■ What you have to do ■
Your copy of the listing should match it exactly, only without pictures.

■ Supplied information ■

- - - - -

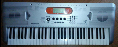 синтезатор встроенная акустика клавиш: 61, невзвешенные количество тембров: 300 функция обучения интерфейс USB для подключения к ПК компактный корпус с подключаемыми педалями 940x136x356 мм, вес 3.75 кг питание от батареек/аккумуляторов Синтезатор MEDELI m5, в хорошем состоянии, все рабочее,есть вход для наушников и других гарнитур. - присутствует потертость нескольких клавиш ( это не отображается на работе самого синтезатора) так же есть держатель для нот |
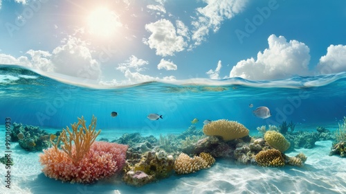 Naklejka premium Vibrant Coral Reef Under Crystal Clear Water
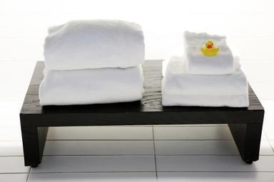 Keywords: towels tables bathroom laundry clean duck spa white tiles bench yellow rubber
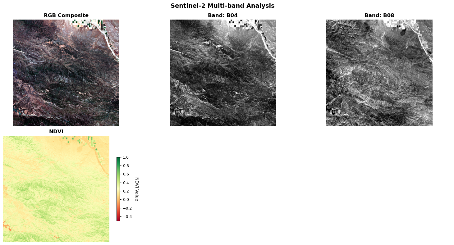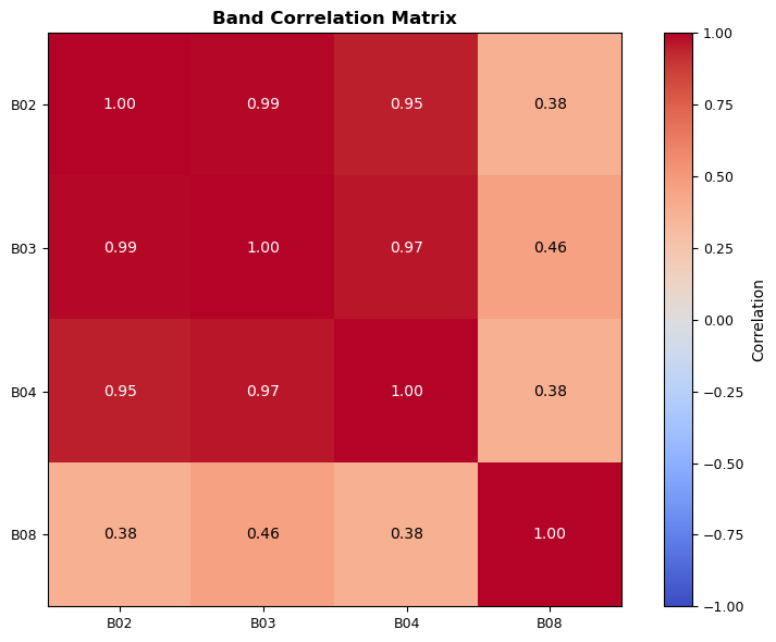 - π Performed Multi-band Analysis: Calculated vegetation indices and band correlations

- - - - -

■ Expected answer ■
 синтезатор встроенная акустика клавиш: 61, невзвешенные количество тембров: 300 функция обучения интерфейс USB для подключения к ПК компактный корпус с подключаемыми педалями 940x136x356 мм, вес 3.75 кг питание от батареек/аккумуляторов Синтезатор MEDELI m5, в хорошем состоянии, все рабочее,есть вход для наушников и других гарнитур. - присутствует потертость нескольких клавиш ( это не отображается на работе самого синтезатора) так же есть держатель для нот |
 Naklejka premium Vibrant Coral Reef Under Crystal Clear Water
 Keywords: towels tables bathroom laundry clean duck spa white tiles bench yellow rubber
 - π Performed Multi-band Analysis: Calculated vegetation indices and band correlations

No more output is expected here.